**Data to process**

________________

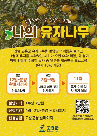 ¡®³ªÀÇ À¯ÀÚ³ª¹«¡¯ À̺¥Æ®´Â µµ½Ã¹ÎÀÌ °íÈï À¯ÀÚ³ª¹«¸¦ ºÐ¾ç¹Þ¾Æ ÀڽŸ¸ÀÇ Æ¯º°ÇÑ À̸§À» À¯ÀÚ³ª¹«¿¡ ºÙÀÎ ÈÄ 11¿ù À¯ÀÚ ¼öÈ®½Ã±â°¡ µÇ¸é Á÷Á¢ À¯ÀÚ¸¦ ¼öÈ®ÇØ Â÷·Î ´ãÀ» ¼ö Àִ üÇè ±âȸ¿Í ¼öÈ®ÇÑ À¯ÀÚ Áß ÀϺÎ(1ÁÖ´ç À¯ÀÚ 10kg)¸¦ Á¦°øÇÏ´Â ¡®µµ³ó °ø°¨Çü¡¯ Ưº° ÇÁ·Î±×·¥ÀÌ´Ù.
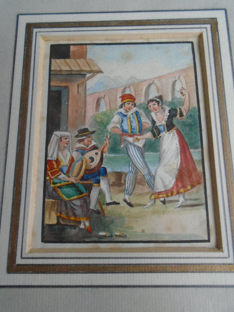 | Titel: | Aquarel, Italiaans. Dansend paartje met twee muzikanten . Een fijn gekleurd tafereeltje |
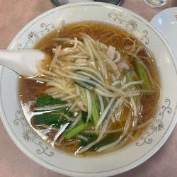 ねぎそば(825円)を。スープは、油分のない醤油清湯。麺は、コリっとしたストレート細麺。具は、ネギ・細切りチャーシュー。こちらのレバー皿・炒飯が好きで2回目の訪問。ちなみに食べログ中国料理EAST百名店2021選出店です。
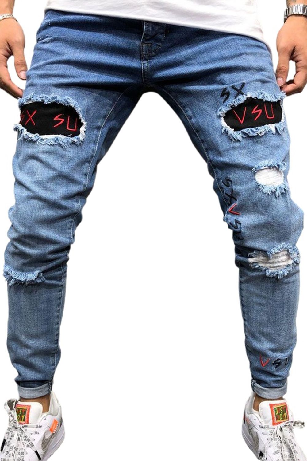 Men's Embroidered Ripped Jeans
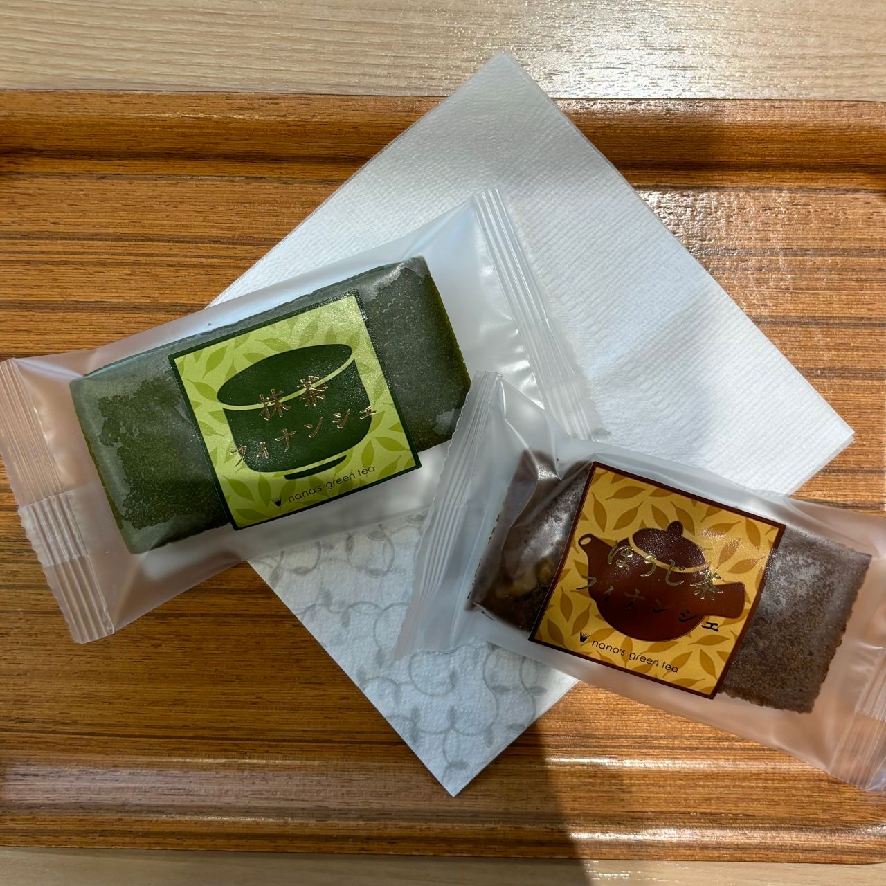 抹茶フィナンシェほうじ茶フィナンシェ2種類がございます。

________________

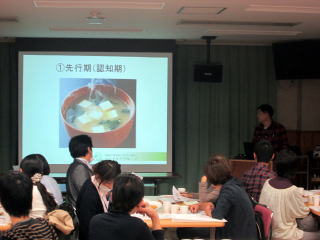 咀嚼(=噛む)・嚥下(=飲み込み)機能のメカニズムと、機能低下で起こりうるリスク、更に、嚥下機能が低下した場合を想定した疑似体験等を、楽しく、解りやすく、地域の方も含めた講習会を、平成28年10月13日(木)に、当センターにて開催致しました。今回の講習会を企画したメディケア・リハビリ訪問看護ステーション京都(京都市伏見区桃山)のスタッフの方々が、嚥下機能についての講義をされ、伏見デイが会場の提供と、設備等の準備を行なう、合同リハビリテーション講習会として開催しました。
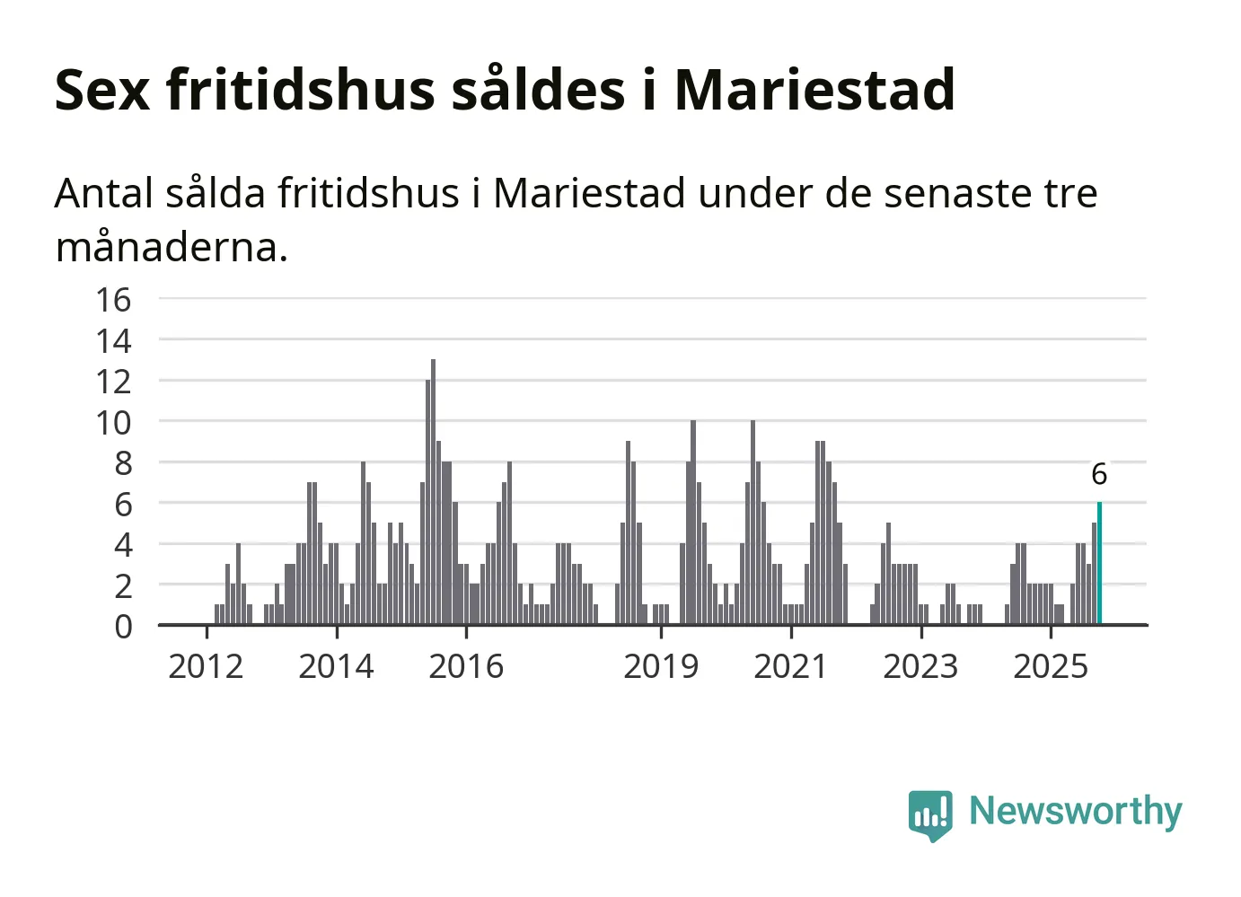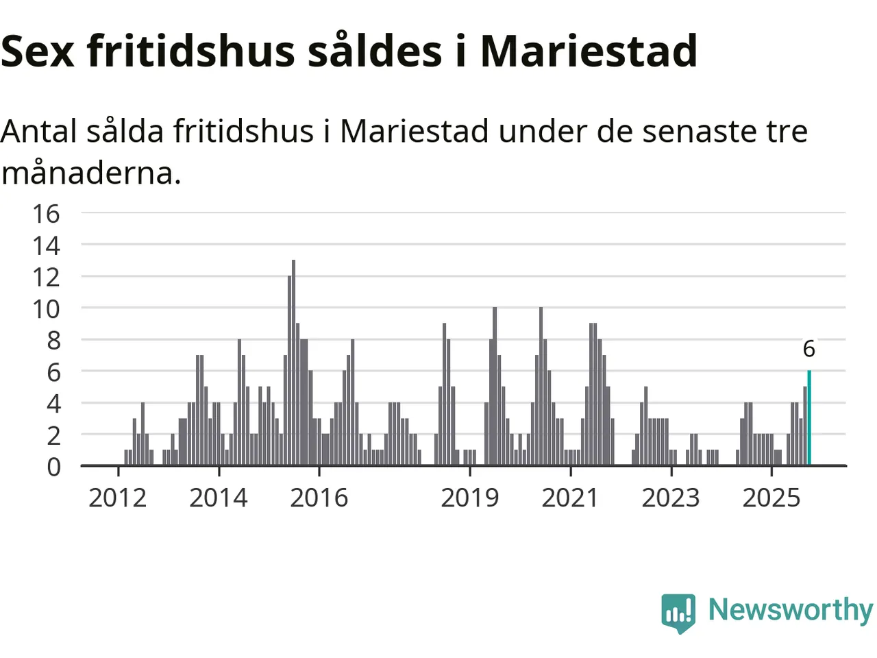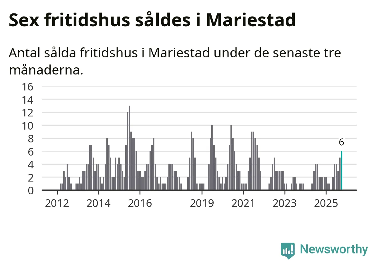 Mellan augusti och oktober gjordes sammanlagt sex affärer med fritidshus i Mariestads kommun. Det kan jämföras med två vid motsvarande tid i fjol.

________________

Exactly as written above, retype the lines starting at the one holding "Á¦°øÇÏ´Â ¡®µµ³ó °ø°¨Çü¡¯ Ưº° ÇÁ·Î±×·¥ÀÌ´Ù." and ending at the one holding "抹茶フィナンシェほうじ茶フィナンシェ2種類がございます。", both included, but not the pictures.

 ¡®³ªÀÇ À¯ÀÚ³ª¹«¡¯ À̺¥Æ®´Â µµ½Ã¹ÎÀÌ °íÈï À¯ÀÚ³ª¹«¸¦ ºÐ¾ç¹Þ¾Æ ÀڽŸ¸ÀÇ Æ¯º°ÇÑ À̸§À» À¯ÀÚ³ª¹«¿¡ ºÙÀÎ ÈÄ 11¿ù À¯ÀÚ ¼öÈ®½Ã±â°¡ µÇ¸é Á÷Á¢ À¯ÀÚ¸¦ ¼öÈ®ÇØ Â÷·Î ´ãÀ» ¼ö Àִ üÇè ±âȸ¿Í ¼öÈ®ÇÑ À¯ÀÚ Áß ÀϺÎ(1ÁÖ´ç À¯ÀÚ 10kg)¸¦ Á¦°øÇÏ´Â ¡®µµ³ó °ø°¨Çü¡¯ Ưº° ÇÁ·Î±×·¥ÀÌ´Ù.
 | Titel: | Aquarel, Italiaans. Dansend paartje met twee muzikanten . Een fijn gekleurd tafereeltje |
 ねぎそば(825円)を。スープは、油分のない醤油清湯。麺は、コリっとしたストレート細麺。具は、ネギ・細切りチャーシュー。こちらのレバー皿・炒飯が好きで2回目の訪問。ちなみに食べログ中国料理EAST百名店2021選出店です。
 Men's Embroidered Ripped Jeans
 抹茶フィナンシェほうじ茶フィナンシェ2種類がございます。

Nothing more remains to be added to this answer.